Department of Genetics and Genomic Sciences, Icahn School of Medicine at Mount Sinai, One Gustave L. Levy Place, New York, NY, USA.
Mount Sinai Center for Transformative Disease Modeling, Icahn School of Medicine at Mount Sinai, One Gustave L. Levy Place, New York, NY, USA.
Nat Commun. 2024 Aug 21;15(1):7154. doi: 10.1038/s41467-024-51328-3.
Roberts syndrome (RBS) is an autosomal recessive disorder with profound growth deficiency and limb reduction caused by ESCO2 loss-of-function variants. Here, we elucidate the pathogenesis of limb reduction in an Esco2;Prrx1-Cre mouse model using bulk- and single-cell-RNA-seq and gene co-expression network analyses during embryogenesis. Our results reveal morphological and vascular defects culminating in hemorrhage of mutant limbs at E12.5. Underlying this abnormal developmental progression is a pre-apoptotic, mesenchymal cell population specific to mutant limb buds enriched for p53-related signaling beginning at E9.5. We then characterize these p53-related processes of cell cycle arrest, DNA damage, cell death, and the inflammatory leukotriene signaling pathway in vivo. In utero treatment with pifithrin-α, a p53 inhibitor, rescued the hemorrhage in mutant limbs. Lastly, significant enrichments were identified among genes associated with RBS, thalidomide embryopathy, and other genetic limb reduction disorders, suggesting a common vascular etiology among these conditions.

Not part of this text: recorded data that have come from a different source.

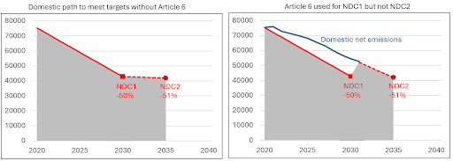 | Figure 4: As shown on the right, use of Article 6 in NDC1 only allows 2030 emissions to be higher than the target level, causing cumulative emissions to be higher across the two NDC periods. |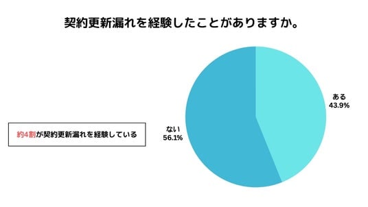 契約更新漏れを「経験したことがある」と回答した人は43.9%(3人に1人以上)にのぼり、さらに契約管理の属人化について「よくある(24.6%)」「時々ある(41.5%)」と感じている人は合計66.1%となりました。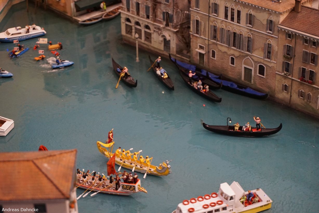 Venedig, Canale Grande mit Festboosten und traditionellen Gondeln zur Regatta Storica.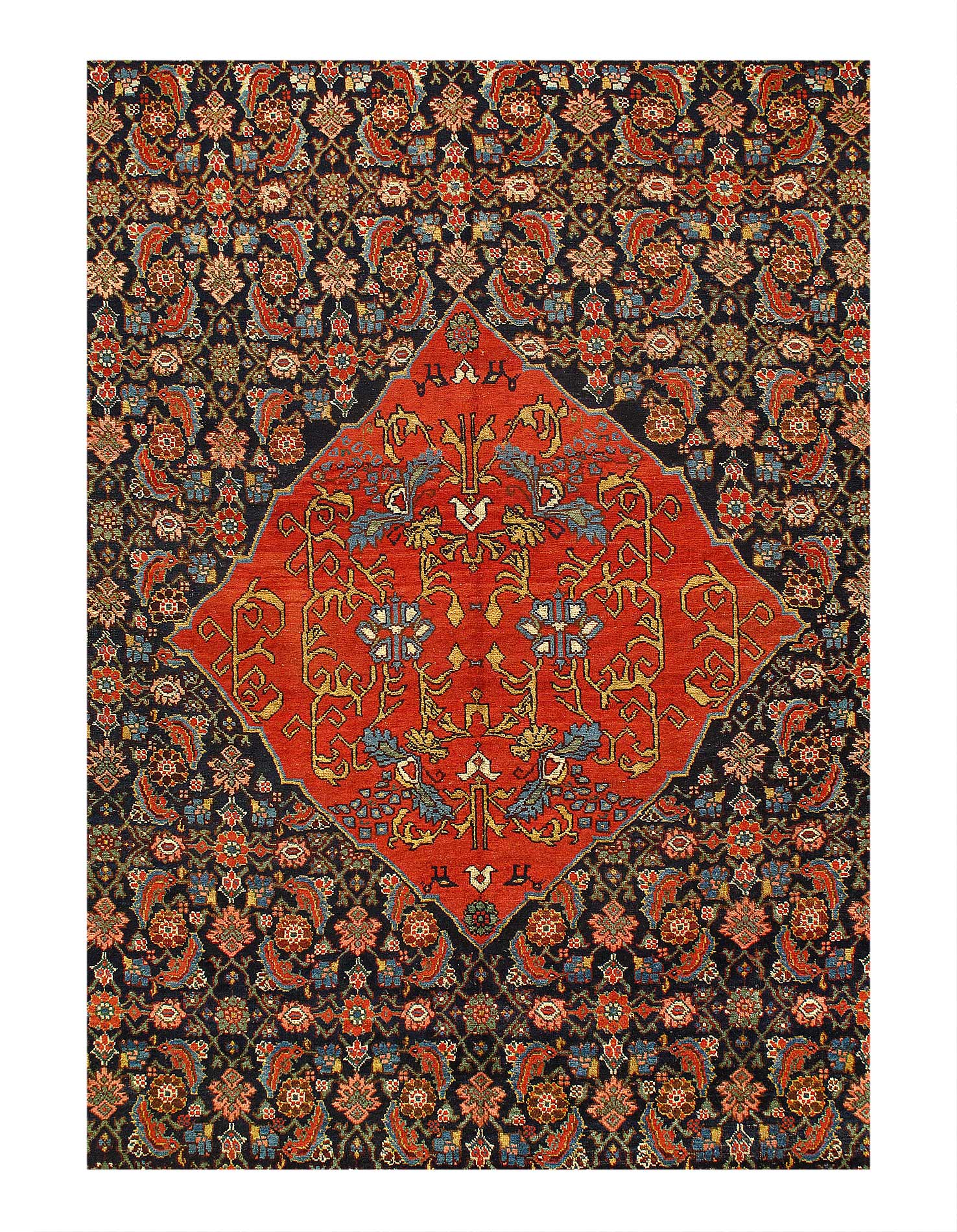 The rug displays a striking combination of deep navy, rust, and Light blue hues. Furthermore, a large central medallion dominates the field, surrounded by elaborate floral motifs. As a result, the border features an intricate pattern that complements the central design. Notably, the contrast between the dark background and lighter details enhances the visual appeal.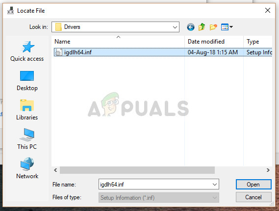 We will be using the device manager to force install the driver. You will have to download the .zip file from Intel’s official website and store it in an accessible location so you can access it again. Make sure that your important data is backed up and you are logged in as an administrator. Select the “igdlh64.inf” file if you’re using a 64-bit version of Windows, or select “igdlh32.inf” file if you’re using a 32-bit version of Windows.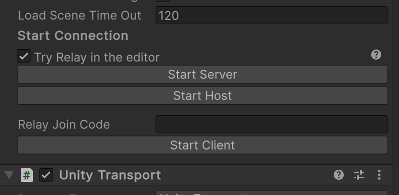 This Relay integration is only available in the Editor, which means you can't use it in a build. Instead, use the code snippets at the end of this page. These snippets use the Unity Transport Package. To do this in projects that don't use Transport, refer to the Relay documentation.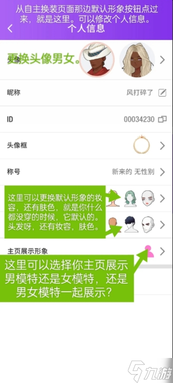 关于更改男女头像呀,还有看板的模特更改呀。默认形象的妆容,肤色更改都在这里。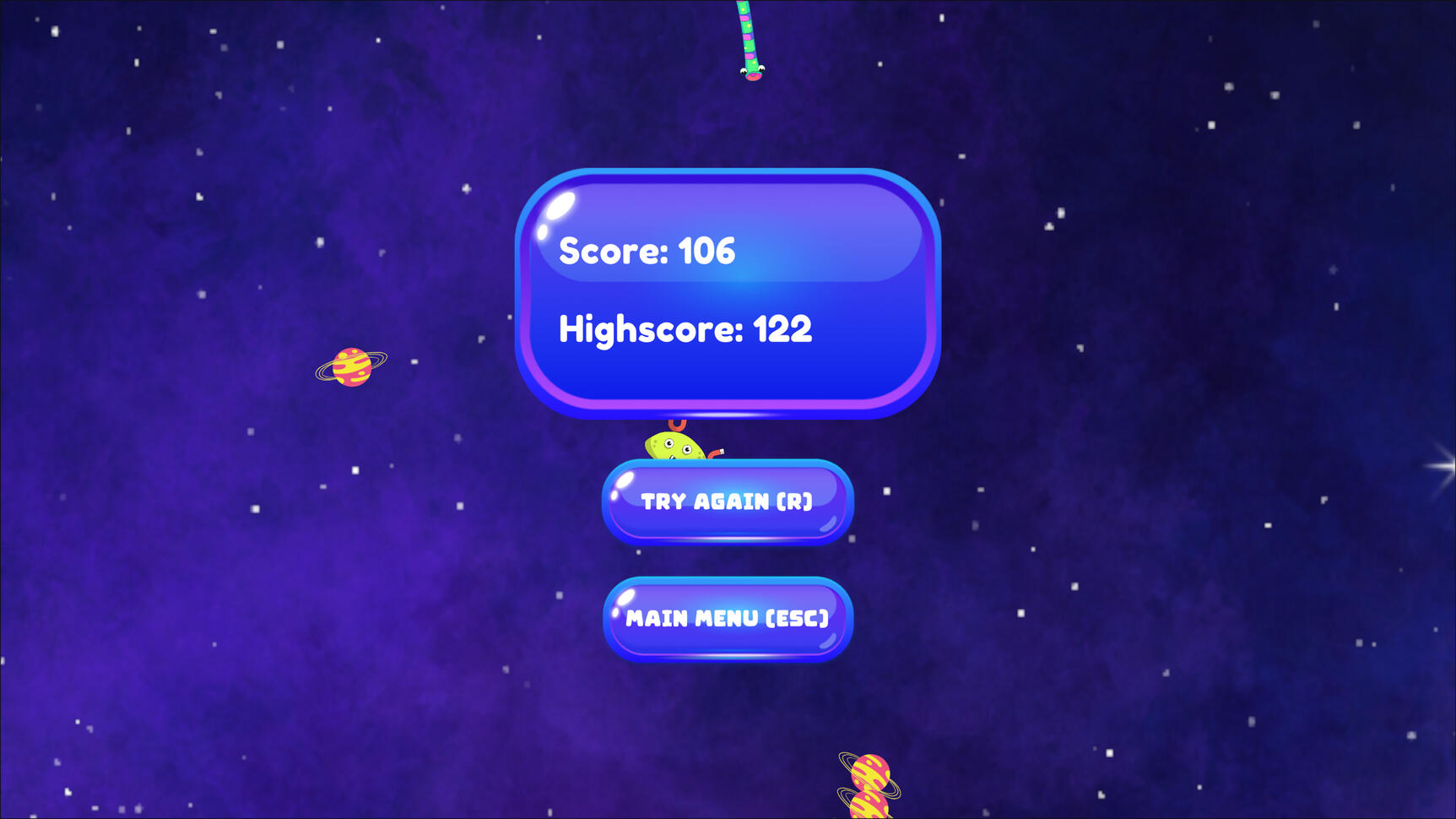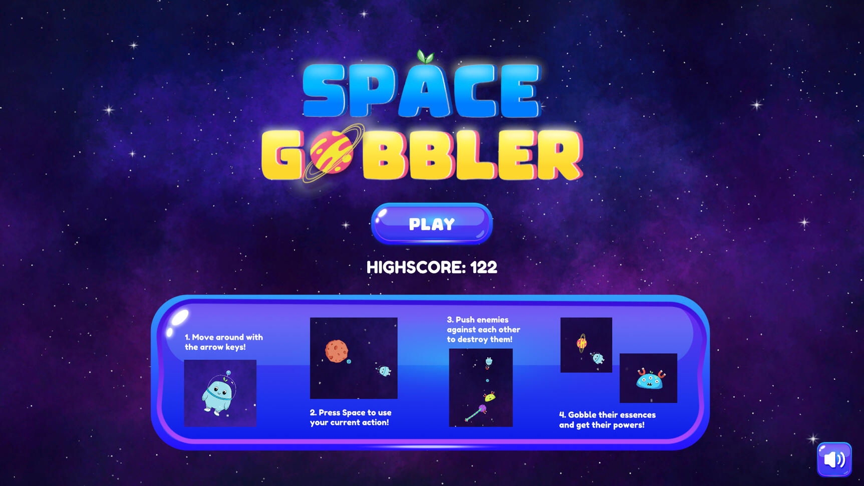 Destrói inimigos e sobrevive! Engole-os para absorver os seus poderes!Space Gobbler foi desenvolvido para a jam Minigame a Month: Fevereiro 2024, com o tema opcional "Espaço".Ano: 2024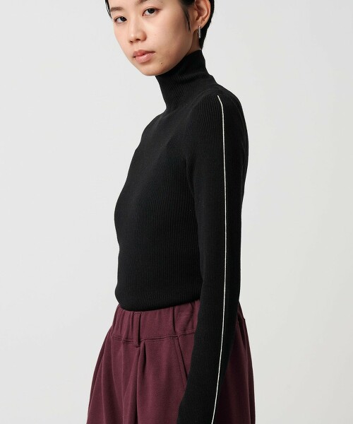 <CITEN>蓬鬆袖配色畦編針織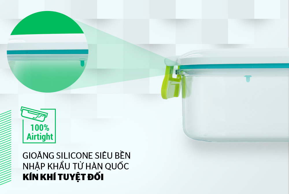 Gioăng hộp làm từ silicone, cấu tạo 2 lớp (khác biệt so với các loại thường chỉ có 1 lớp), ở giữa là không khí rỗng, có thể tháo rời khỏi nắp hộp. Đặc biệt, gioăng hộp chịu nhiệt tới 200 độ C, đàn hồi cực tốt giúp cho hộp kín hơi, không lo tràn nước.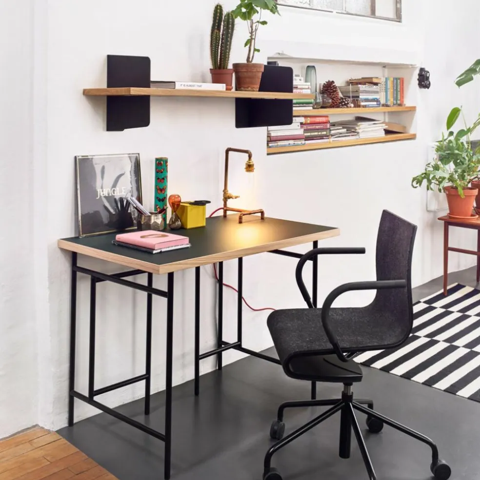 Das preisgekrönte Wandregal ist simpel wie raffiniert: Zwei Winkel aus Stahlblech treffen auf einen Regalboden, der aus einer massiven 3-Schichtplatte Fichte/Tanne gefertigt ist. Dieser ist farblos lackiert mit einem Weißanteil – eine warme wie zurückhaltende Kombination zu den farbig Basaltgrau, RAL 9005, pulverbeschichteten Winkeln, die eher industriell und kühl wirken. Die Montageschrauben des Atelier Wandregal 100x30x29,5cm werden von dem Regalboden abgedeckt und sind so nicht sichtbar. Das Regal hat eine Breite von 100 cm und eine Tiefe von 30 cm. Es eignet sich hervorragend für modern-stilvolle Einrichtungen und macht sich besonders gut in Wohn- oder Arbeitszimmer. Auf dem Wandregal können Bücher, Pflanzen sowie Deko- und Kunstobjekte präsentiert werden. Die beiden seitlichen Winkel dienen nicht nur als Tragwerk, sondern können zugleich auch als Buchstützen genutzt werden. Das Regal ist 29,5 cm hoch. Diese Variante mit einem Regalboden kann auch als Konsole oder kleiner Schreibtisch genutzt werden, sollte allerdings nicht zu stark belastet werden. Für die Reinigung genügt ein leicht feuchtes, weiches Tuch.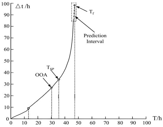 Considering that using OOA as the starting point for calculations may result in lower prediction time accuracy, this study proposes using a normally distributed confidence interval to dynamically identify the for the slope deformation acceleration. The point is selected based on whether the velocity variable no longer falls within the confidence interval (), where μ represents the mean and is calculated using Formula (6), as shown below.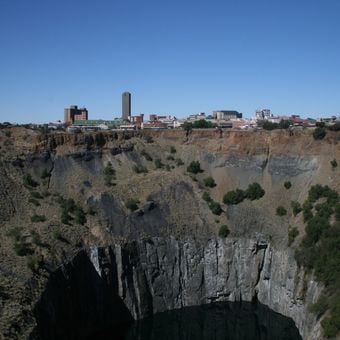 Kimberley é uma cidade no Município Local de Sol Plaatje, Província do Cabo Norte, espalhada em torno de uma antiga mina de diamantes. O entorno mostra pradarias planas com arbustos espinhosos dispersos sob céus amplos, enquanto as ruas se estendem para fora a partir da cratera central.

罗伯茨综合征(RBS)是一种常染色体隐性遗传病,由 ESCO2 功能丧失变异引起严重的生长发育不良和肢体减少。在这里,我们使用胚胎发生期间的 bulk 和单细胞 RNA-seq 以及基因共表达网络分析,阐明了 Esco2;Prrx1-Cre 小鼠模型中肢体减少的发病机制。我们的结果揭示了形态和血管缺陷,最终导致 E12.5 时突变肢体出血。这种异常发育进展的基础是一种凋亡前的、间质细胞群体,其特异性在于突变的肢芽中富含与 p53 相关的信号,从 E9.5 开始富集。然后,我们在体内对这些与细胞周期停滞、DNA 损伤、细胞死亡和炎症白三烯信号通路相关的 p53 相关过程进行了表征。在子宫内用 pifithrin-α(一种 p53 抑制剂)治疗可挽救突变肢体的出血。最后,与 RBS、沙利度胺胚胎病和其他遗传性肢体减少疾病相关的基因之间存在显著富集,这表明这些疾病之间存在共同的血管病因。